→ Problem description
The data below contains pictures, which are to be skipped; the lines starting at the line with "在美国问与答网站Quora上" and ending at the line with "Charming light blue" are to be output exactly, both ends included.

→ Recorded data
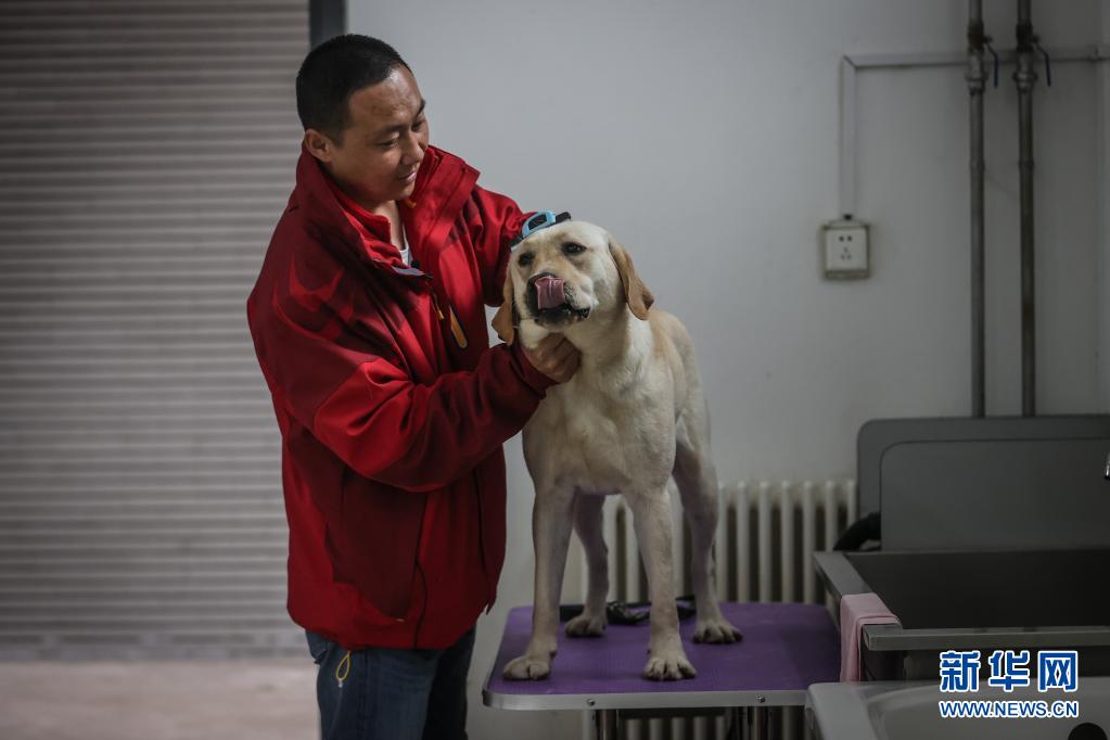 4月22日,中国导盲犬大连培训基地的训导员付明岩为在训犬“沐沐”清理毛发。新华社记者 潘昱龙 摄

...

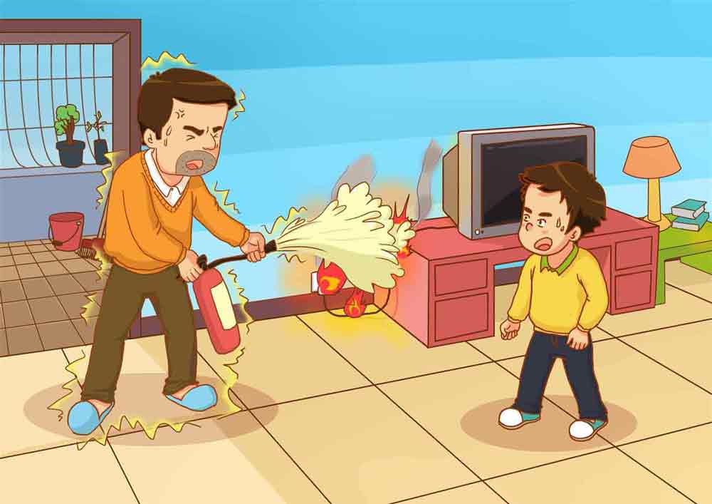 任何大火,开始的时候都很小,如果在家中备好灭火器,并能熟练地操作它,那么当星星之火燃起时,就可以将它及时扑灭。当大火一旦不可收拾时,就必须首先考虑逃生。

---

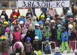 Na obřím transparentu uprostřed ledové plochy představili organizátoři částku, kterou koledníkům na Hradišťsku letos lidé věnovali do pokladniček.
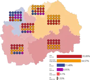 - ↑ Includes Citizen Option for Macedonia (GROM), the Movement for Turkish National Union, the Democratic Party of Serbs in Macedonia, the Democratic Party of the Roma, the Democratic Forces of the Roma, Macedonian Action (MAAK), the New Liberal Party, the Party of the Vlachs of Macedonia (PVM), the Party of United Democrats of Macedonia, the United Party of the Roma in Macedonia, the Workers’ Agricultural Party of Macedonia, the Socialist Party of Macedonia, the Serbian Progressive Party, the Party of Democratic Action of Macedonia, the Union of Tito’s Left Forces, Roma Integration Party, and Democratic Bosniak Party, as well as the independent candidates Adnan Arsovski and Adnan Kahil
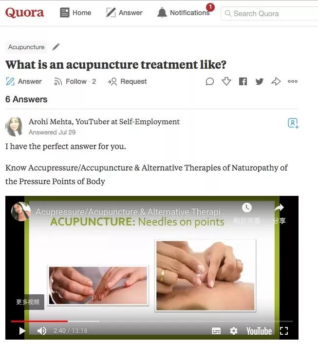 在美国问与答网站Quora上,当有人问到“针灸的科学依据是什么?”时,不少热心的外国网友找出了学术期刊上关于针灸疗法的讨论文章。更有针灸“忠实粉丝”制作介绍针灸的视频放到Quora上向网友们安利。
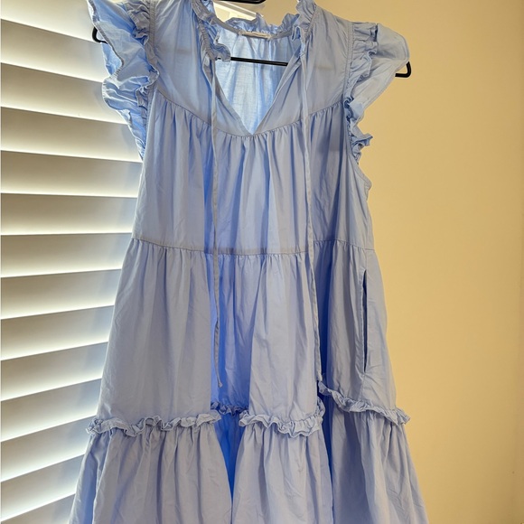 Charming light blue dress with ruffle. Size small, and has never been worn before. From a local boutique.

→ Answer to the exercise
 在美国问与答网站Quora上,当有人问到“针灸的科学依据是什么?”时,不少热心的外国网友找出了学术期刊上关于针灸疗法的讨论文章。更有针灸“忠实粉丝”制作介绍针灸的视频放到Quora上向网友们安利。
 Charming light blue dress with ruffle. Size small, and has never been worn before. From a local boutique.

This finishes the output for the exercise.